There is an insurance pool of 1000 people. All are covered via community rating. The distribution of expected health care costs per person is shown in the table below.

Number of people Expected health care claims

100 $0

100 $100

100 $200

100 $300

100 $400

100 $500

100 $600

100 $700

100 $800

100 $900

A. Year 1. Customers only buy insurance if their expected health care claims are higher than the premium. In the first year, 600 people purchase insurance. What is the highest premium the insurance company could charge to get 600 people to buy insurance? Explain.

B. Year 2. Expected health care claims are accurate. The insurer wants to cover costs, so they set their year 2 premium equal to the average claim for people who were covered in the prior year. What is the new premium? Explain.

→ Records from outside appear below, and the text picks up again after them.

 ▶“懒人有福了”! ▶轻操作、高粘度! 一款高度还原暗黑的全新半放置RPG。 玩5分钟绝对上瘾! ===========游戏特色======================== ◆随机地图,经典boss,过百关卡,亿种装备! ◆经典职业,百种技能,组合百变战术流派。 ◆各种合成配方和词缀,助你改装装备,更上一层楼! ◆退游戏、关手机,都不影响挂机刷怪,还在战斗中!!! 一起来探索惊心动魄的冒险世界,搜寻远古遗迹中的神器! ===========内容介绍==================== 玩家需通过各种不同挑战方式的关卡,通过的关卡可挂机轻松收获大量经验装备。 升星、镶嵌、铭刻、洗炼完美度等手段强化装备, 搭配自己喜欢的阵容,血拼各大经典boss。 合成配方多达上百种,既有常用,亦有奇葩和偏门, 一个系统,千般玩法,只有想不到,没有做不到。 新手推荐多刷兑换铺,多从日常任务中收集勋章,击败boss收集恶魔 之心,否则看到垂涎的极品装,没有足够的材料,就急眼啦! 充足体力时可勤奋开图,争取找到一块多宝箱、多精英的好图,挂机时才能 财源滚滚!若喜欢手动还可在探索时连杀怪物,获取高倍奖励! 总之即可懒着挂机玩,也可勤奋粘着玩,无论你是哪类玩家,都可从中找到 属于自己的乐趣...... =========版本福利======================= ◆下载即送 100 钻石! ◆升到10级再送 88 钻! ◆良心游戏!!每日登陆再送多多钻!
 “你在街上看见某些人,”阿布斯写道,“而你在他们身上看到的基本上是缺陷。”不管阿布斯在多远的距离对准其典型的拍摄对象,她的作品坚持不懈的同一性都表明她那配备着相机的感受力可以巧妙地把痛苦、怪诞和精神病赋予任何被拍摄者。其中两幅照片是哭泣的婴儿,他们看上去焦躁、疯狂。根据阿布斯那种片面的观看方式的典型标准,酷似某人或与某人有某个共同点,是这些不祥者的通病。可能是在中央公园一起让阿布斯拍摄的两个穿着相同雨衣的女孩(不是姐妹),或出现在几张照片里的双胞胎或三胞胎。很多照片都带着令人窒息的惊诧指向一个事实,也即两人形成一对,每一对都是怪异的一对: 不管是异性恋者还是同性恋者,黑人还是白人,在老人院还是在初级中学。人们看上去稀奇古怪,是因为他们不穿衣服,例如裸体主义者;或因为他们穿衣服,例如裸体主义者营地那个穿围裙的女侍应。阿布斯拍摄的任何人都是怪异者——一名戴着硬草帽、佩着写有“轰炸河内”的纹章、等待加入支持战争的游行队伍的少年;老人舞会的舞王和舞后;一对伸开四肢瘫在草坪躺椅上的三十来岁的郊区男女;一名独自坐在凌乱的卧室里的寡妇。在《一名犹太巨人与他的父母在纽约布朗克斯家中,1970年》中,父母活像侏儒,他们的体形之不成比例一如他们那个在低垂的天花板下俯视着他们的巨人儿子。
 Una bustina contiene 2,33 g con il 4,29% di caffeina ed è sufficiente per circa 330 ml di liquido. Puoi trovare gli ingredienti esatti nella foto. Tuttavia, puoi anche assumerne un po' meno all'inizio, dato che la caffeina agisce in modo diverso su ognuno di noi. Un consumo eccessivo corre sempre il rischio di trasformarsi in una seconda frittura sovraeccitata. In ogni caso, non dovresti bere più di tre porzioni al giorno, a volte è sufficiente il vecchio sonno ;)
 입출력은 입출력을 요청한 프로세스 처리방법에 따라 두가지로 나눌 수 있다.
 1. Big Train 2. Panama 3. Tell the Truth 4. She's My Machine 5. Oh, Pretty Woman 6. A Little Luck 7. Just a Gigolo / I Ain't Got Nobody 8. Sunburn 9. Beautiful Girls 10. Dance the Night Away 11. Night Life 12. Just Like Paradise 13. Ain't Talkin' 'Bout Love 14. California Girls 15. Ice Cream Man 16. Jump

C. How many people buy insurance at the new Year 2 premium? Explain.

D. Year 3. Based on premium setting rules above, what is the Year 3 premium?

E. How many people buy insurance at the new Year 3 premium? Explain.

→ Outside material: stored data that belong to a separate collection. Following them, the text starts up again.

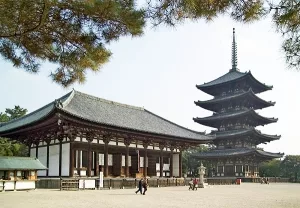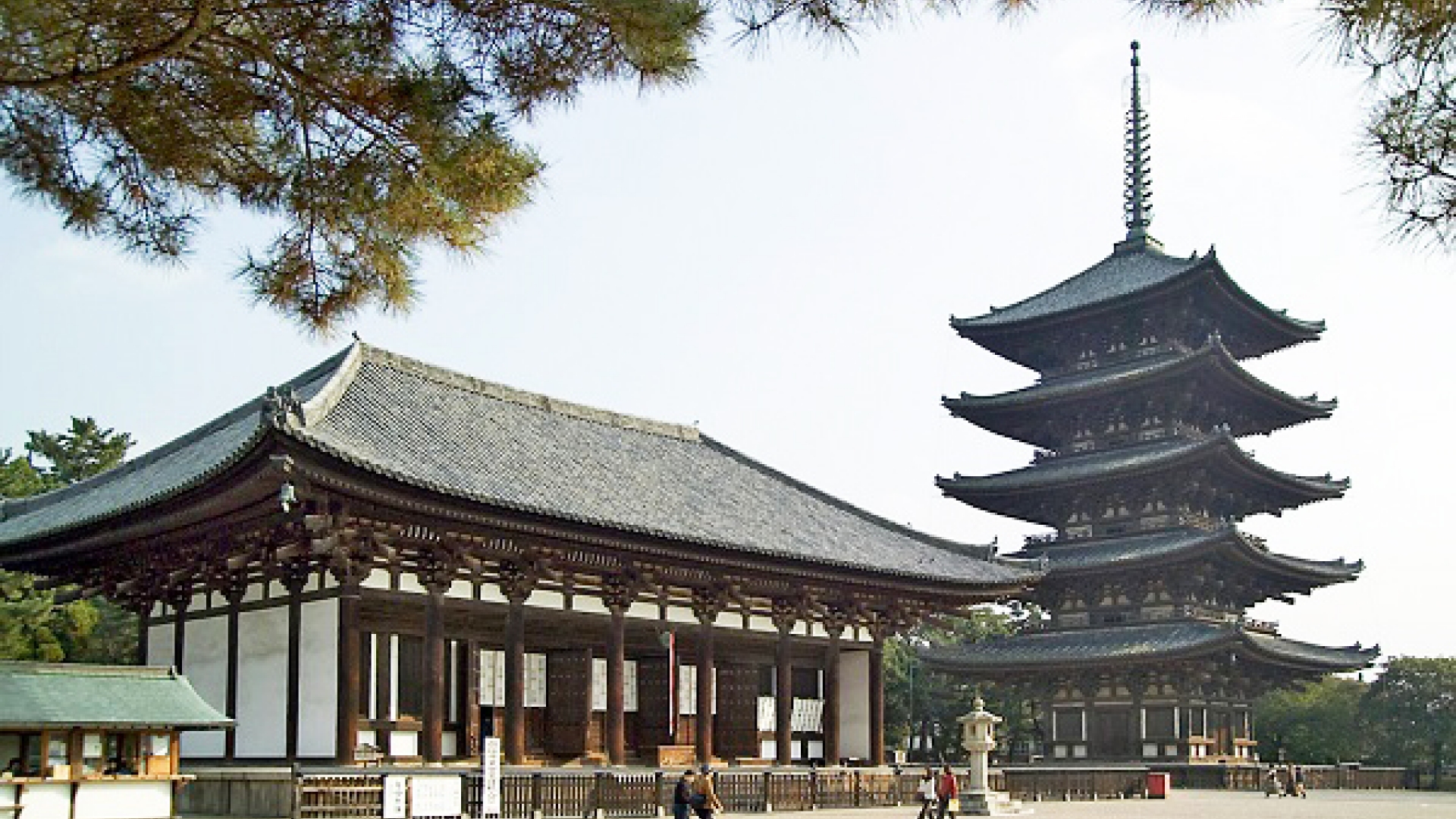 Der Kōfuku-ji am Eingang des Nara-Parks ist der größte Tempelkomplex der Innenstadt. Unter der Patronage der mächtigen Fujiwara-Familie soll die Anlage einst zehnmal größer als heute gewesen sein. Die 5-stöckige Pagode des Tempels ist mit über 50 m Höhe die zweithöchste Japans.
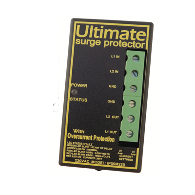 Intelligent protection is achieved using a high speed digital microprocessor. The clock speed of the microprocessor enable the Ultimate Surge Protectors to monitor the input voltage and over-current limit at a frequency of 1Mhz (Mega Hertz), which is approximately one million (1,000,000) times faster than the input AC voltage been monitored. Model IP Series protectors are built using a high quality plastic enclosure, which is fire retardant, none conductive and mechanically strong
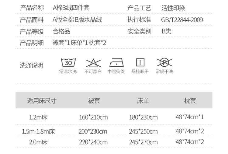 商品名称:(总)盛馨家纺 加厚保暖棉加绒水晶绒四件套
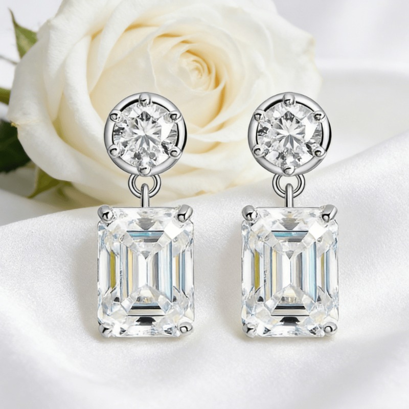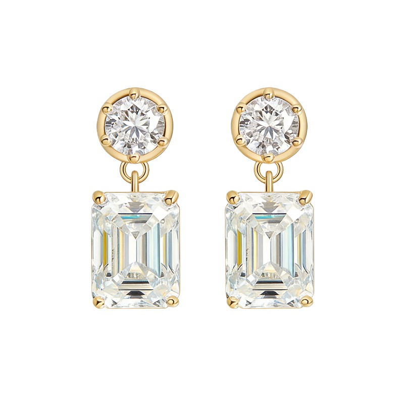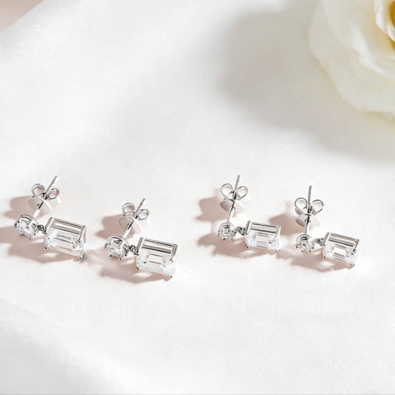 Moissanite Round Cut+Emerald Cut D White Earrings White Gold Yellow Gold Designer Studs Fine Jewelry Anniversary Wedding Gift

F. Year 4. What is the Year 4 premium?

G. How many people by insurance at the new Year 4 premium. Explain

H. Now consider how an insurance mandate, enforced with a tax penalty, might impact the insurance market.

The government imposes a $400 fine for being uninsured. Insurance companies assume this means everyone will get insurance, so for year 1 they set the premium equal to the average expected claim of the entire population. What is the new premium?

I. Remember that there is a $400 penalty for being uninsured; this changes the premium point at which people will not want to buy insurance. If the premium is set to $450 and there is a $400 penalty if people choose not to get insurance, how many people will choose to get insurance?

J. The insurer wants to cover costs, so they set their year 2 premium equal to the average claim for people who were covered in the prior year. What is the new premium?

K. How many people buy insurance at this new premium (remember to account for impact of the penalty)? Remember that people only buy insurance if their expected spending is lower than the premium (indifference between the two means they don't get insurance)? Explain.

L. Thinking about what you know about adverse selection, what are two reasons why insurance companies or consumers might not behave as predicted in the scenarios from this assignment?